Suscitant donc les pulsions naturelles et profondes de l'homme ravalé au rang d'animal, la femme ne peut être, au regard de l'Eglise, qu'assimilée au paganisme. La lecture cosmologique du Moyen-âge, attentive aux désordres du monde, fait progressivement place chez les Inquisiteurs, à une lecture démonologique centrée sur le maléfice, puis sociologique et anthropologique, accablant la femme, l'accusant d'être la complice, non plus passive, mais consciente de Satan. Les contemporains de Michelet diront que la théologie s'est muée en une idéologie amalgamant hérésie, folie et frénésie sexuelle. Ainsi, la « Femme au diable » est née, la propagande démonologique avec elle, aussitôt véhiculée par une abondante littérature. Dans une religion où la chair est maudite, la femme apparaît comme la plus redoutable tentation du démon. Tertullien disait à ce propos :
« Femme, tu es la porte du Diable. Tu as persuadé celui que le Diable n'osait attaquer en face. C'est à cause de toi que le Fils de Dieu a dû mourir. »[7]

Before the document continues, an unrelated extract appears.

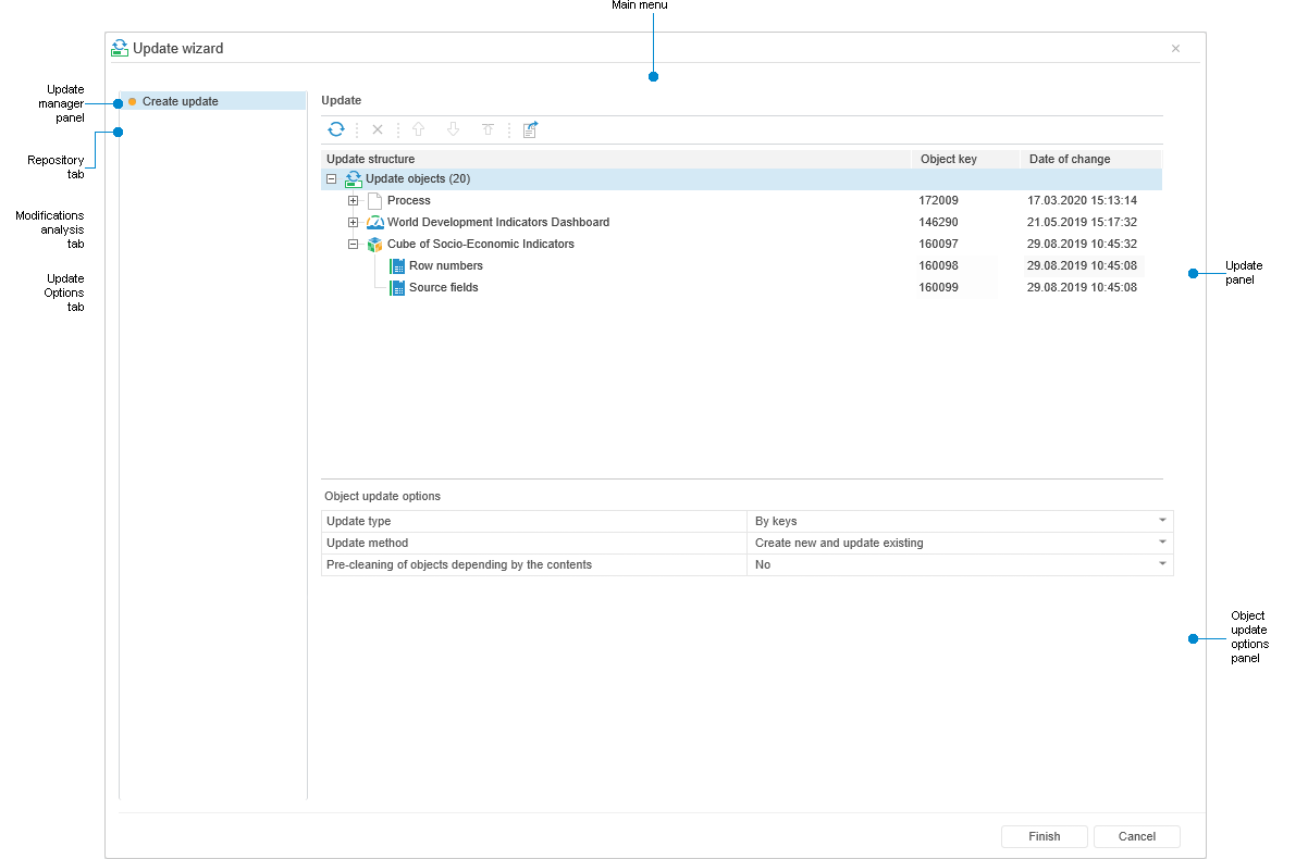 To update objects, log in to the system under credentials of administrator or member of the Administrators group.

De même, Saint-Ambroise écrivait :
« Adam a été conduit au péché par Eve (...) il est juste qu'elle le reçoive comme souverain. »[8]
A cette époque où la théologie se mue en délire démonologique et sexologique, on a même pu lire chez les inquisiteurs les phrases suivantes :
« Toute malice n'est rien près d'une femme (...) qu'est-elle d'autre que l'ennemie de l'amitié, la peine inéluctable, le mal nécessaire, la tentation naturelle, la calamité désirable, le péril domestique, le fléau délectable, le mal de nature peint en couleurs claires ? (...) Une femme qui pleure est un mensonge (...) Une femme qui pense seule pense à mal. »[9]
Voilà qui explique en ces temps reculés l'émergence de la figure de la Sorcière...
Ligeia
(extraits de mon essai "L'altérité féminine du Mal")
[1] Michelet, J. La Sorcière. Ed. J. De Bonnot. 1998 (introduction pp. 18-19)
[2] Michelet, J. La Sorcière, op. cit. (pp. 18-19)
[3] Article publié dans Le Féminin Fantastique. Cahiers du Gerf. ILCE. 2000 (pp. 81 à 98)
[4] Michelet, J. La Sorcière, op. cit. (p. 21)
[5] Article « Sorcellerie » Encyclopédie Universalis. op. cit.
[6] Dieu grec des pâturages, de la lubricité animale et de la puissance sexuelle exacerbée.
[7] Tertullien, cité par Eisenberg, J. La Femme au temps de la Bible. Paris Stock. 1993 (p. 410)
[8] Saint-Ambroise, cité par Eisenberg, J. op.cit.
[9] Institoris, H. et Sprenger, J. Le Marteau des Sorcières, traduit par A. Danet, Paris.1973. (p. 200)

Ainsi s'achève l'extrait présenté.